Muitos de nós devem ter se divertido algum dia com a animação de imagens desenhadas em blocos de folhas de papel. Às vezes até mesmo no canto das folhas não usadas do caderno da escola, deixávamos cair em cadência rápida as folhas contendo desenhos, na maioria das vezes simples traços que mudavam de posição pouco a pouco. Ao deslizar o polegar e liberar as folhas, estávamos imitando o funcionamento do cinema.

Pois o cinema nada mais é do que uma sucessiva exibição de imagens, na quase totalidade dos casos umas ligeiramente diferentes das outras. Nosso cérebro não percebe no entanto uma série de imagens e sim um movimento contínuo, como se estivéssemos olhando a realidade acontecendo ali na frente. Isso porque, guardando alguma semelhança com as telas de tubo de imagem (CRT - Cathodic Ray Tube), que também retém durante algum tempo as linhas desenhadas em sua superfície interna pelo canhão de elétrons (característica da camada de fósforo ali existente), nossa retina retém durante algum tempo as imagens ali projetadas. Esse fenômeno, denominado persistência retiniana, pode ser observado ao fecharmos rapidamente os olhos: durante frações de segundos ainda continuaremos vendo a imagem do local onde olhávamos antes, escurecendo-se e apagando-se.

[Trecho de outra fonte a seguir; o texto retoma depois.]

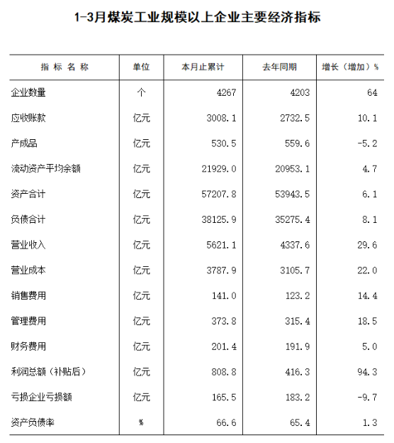 指標顯示,一季度,4267家規(guī)模以上煤炭企業(yè)營業(yè)收入5621.1億元,同比增長29.6%,增幅比規(guī)模以上工業(yè)行業(yè)平均低9.1個百分點;營業(yè)成本3787.9億元,同比增長22.0%;應(yīng)收賬款3008.1億元,同比增長10.1%;利潤總額(補貼后)808.8億元,同比增長94.3%,增幅比規(guī)模以上工業(yè)行業(yè)平均低42個百分點。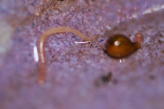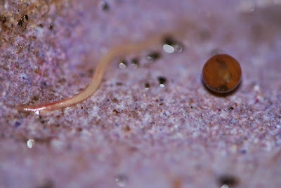| 赤ちゃんミミズは卵胞から出て来た瞬間と比べ、僅か数分の違いなのだが赤みが増してきた。 卵胞の開口部は赤ちゃんの誕生前と比べると心持ち広がっているように見える。 |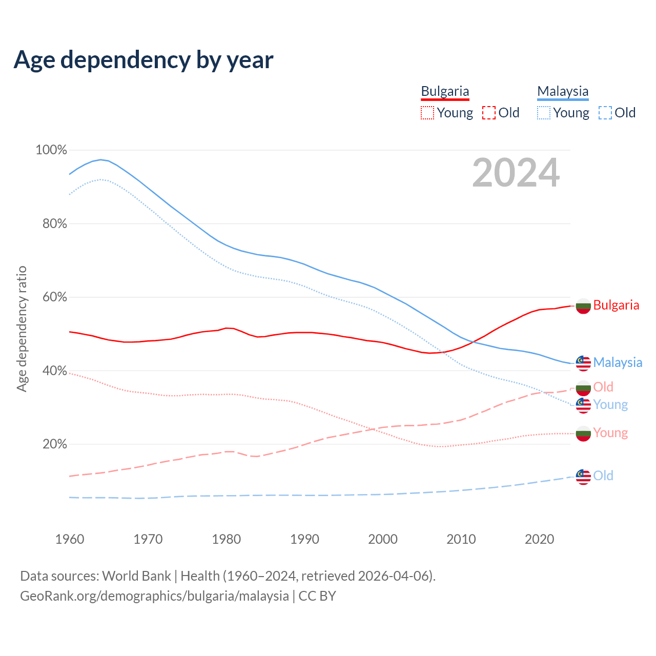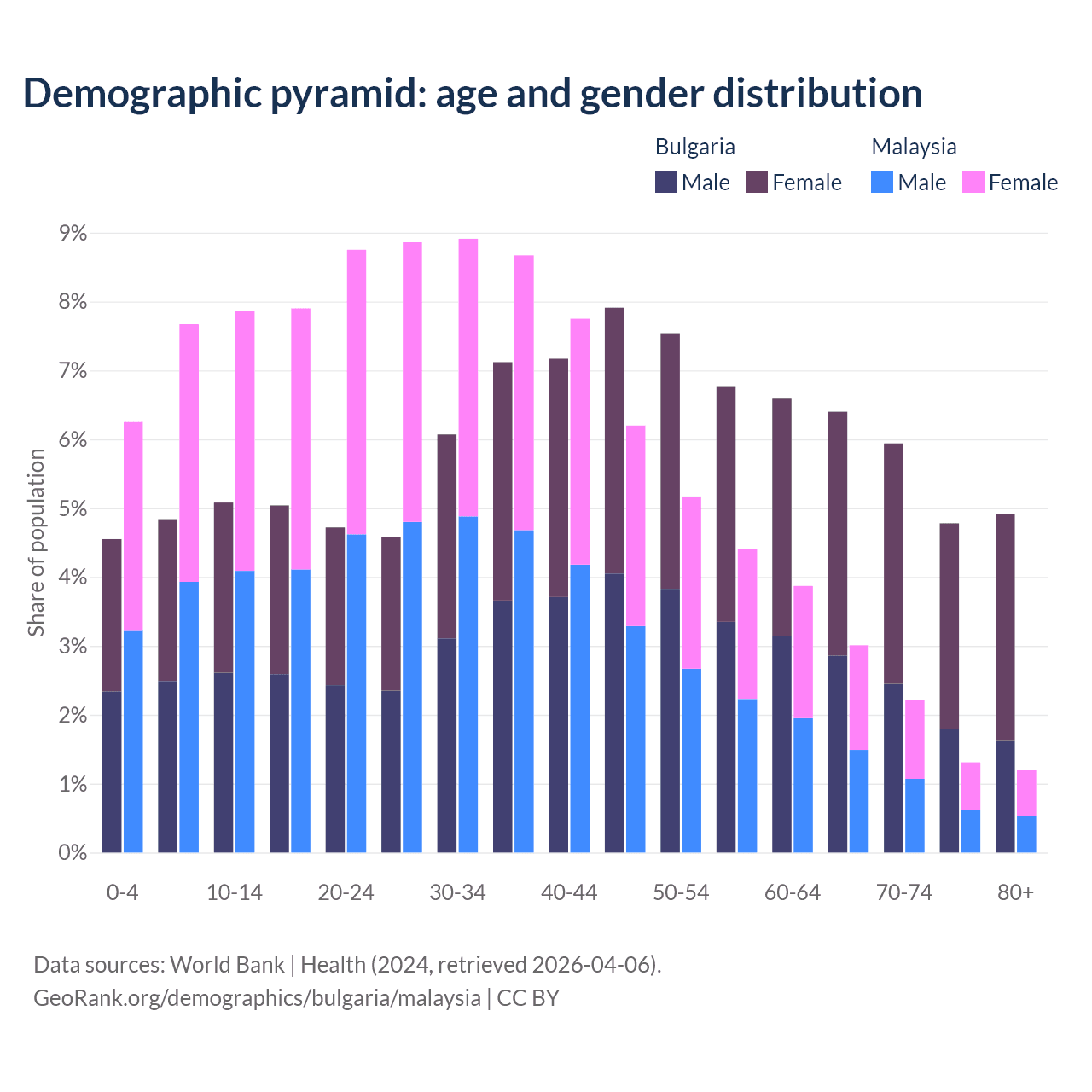 - Bulgaria is ranked 12/196 by median age (oldest to youngest) vs 92/196 for Malaysia.

Durante muito tempo este fenômeno foi apontado como o único responsável pelo fato de percebermos continuidade nas imagens do cinema e da tv. Na tela do CRT, ele é o responsável pelas linhas, ao apagarem-se gradualmente, darem a percepção de continuidade aos movimentos das imagens que vemos no vídeo. No entanto, estudos neurológicos e fisiológicos nas últimas décadas tem mostrado que a ilusão de continuidade de movimento deve-se não somente a este fato, mas também à participação ativa do cérebro, que analisa as imagens e faz a interpretação e dedução dos movimentos. Ou seja, cérebro e retina trabalhariam juntos para que Angelina Jolie atravesse suavemente a tela de um lado para outro em direção a Brad Pitt.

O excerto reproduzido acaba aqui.